リオは小さく謝罪を口にして、"けれど"、と声色を切り替える。

 

[……事は既に起きてしまった ]

[ 諸校への面子建ても含めて、この状況を収めるには私が退くのが合理的。わかるでしょう ]

 

「だからって……」

 

そこに続く言葉はなく、チヒロは声を濁らせる。

今回ばかりは、彼女の合理を止められるだけの言葉が見つからなかった。

 

"魔王" 天城ルイとの共謀。その挙句、諸校の最高権力者や何人もの生徒たちを危険に晒した。
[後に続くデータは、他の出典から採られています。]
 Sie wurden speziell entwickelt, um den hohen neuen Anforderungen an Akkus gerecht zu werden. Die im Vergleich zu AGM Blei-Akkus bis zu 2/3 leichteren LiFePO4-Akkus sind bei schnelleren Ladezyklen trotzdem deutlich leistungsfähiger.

そこにどんな大義があったとしても、罪は罪、責任は責任だ。追及は熾烈を極めるだろう。

 

……下手を打てば、ミレニアムの存亡にまで関わってくるかもしれない。

最早、リオに全ての責任を被せるのが今後のミレニアムを守る最善策であることは疑いようがなかった。

 

(……こんなことなら、あの時に天城ルイを突き出しておくべきだった……!!)

 

後悔と苦黙を湛えたチヒロがまるで見えているかのように、リオはぽつりと呟く。

 

["会長"の名も……もともと、捨てたつもりだった立場よ。それと引き換えに出来るなら、安いものね ]
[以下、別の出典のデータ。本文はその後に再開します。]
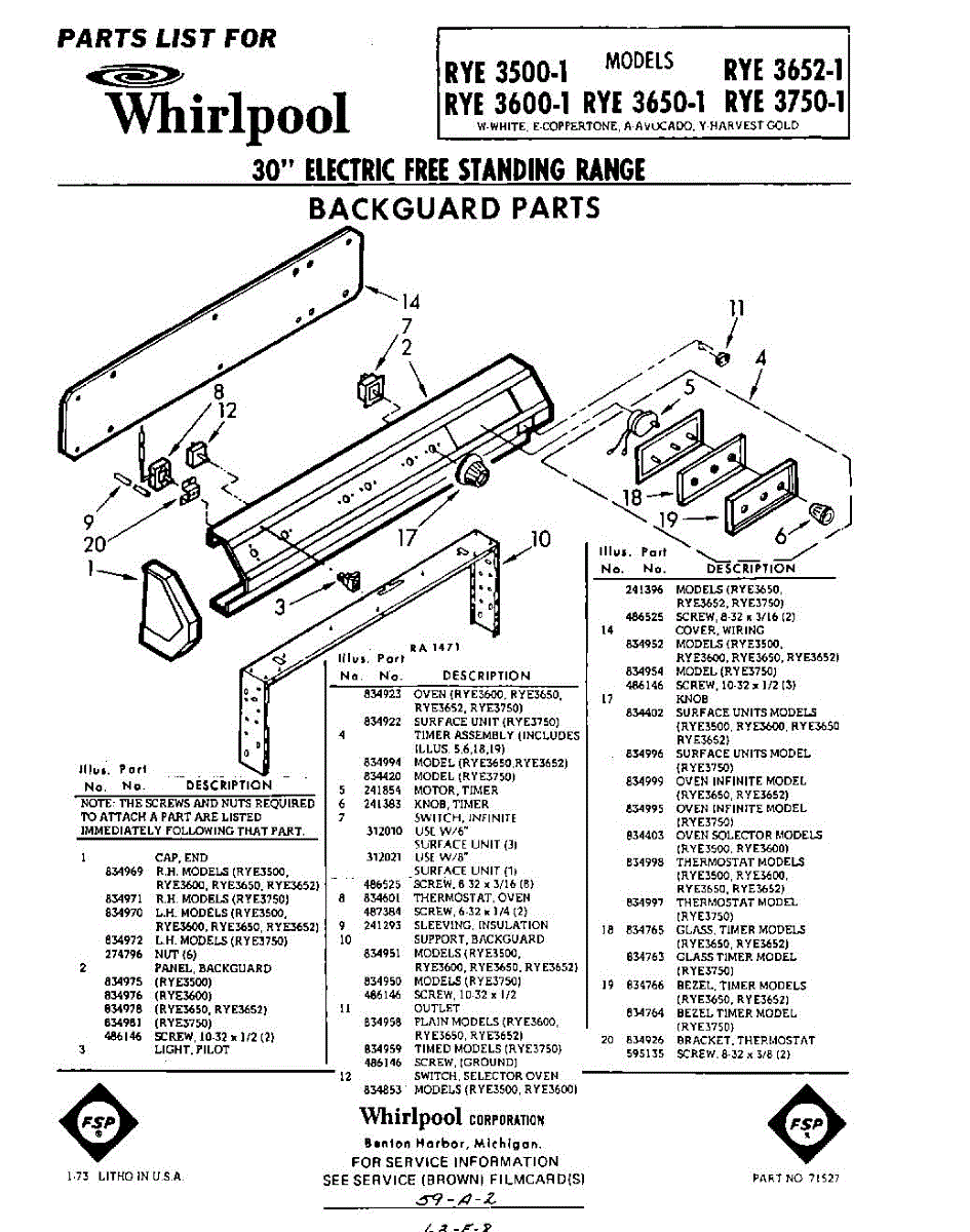 Parts for Whirlpool RYE37501: 01 - Section Parts

[ ……この話は終わり。今は、そんなことよりも対処するべき事があるわ ]

 

そう話を無理やりに終わらせて、リオは言葉を続ける。

 

[……私も今から現場に向かう。貴方達は機材の準備を進めておいてちょうだい ]

[ なにかあれば都度連絡するわ。……苦労を掛けて、ごめんなさい ]

 

そう言って通話を切ろうとしたリオを、チヒロは "会長"、と引き留めた。

 

[……なにかしら]

 

「……絶対に、逃さないから」

 

[…………]

 

チヒロの言葉には無言が返り……気付いた時には、通話は終わっていた。

ファンの低い駆動音だけが狭い車内に響く中、チヒロは額を押さえながらゆっくりと深呼吸する。

 

冷静さを取り戻そうと、数度繰り返されたそれは、ついに途絶え────。

 

「……ああ、もうッ!!」

 

叫びと共に、机に拳が振り下ろされる。

発露した感情の衝撃に、エナジードリンクの缶がからからと音を立て、床を転がっていった。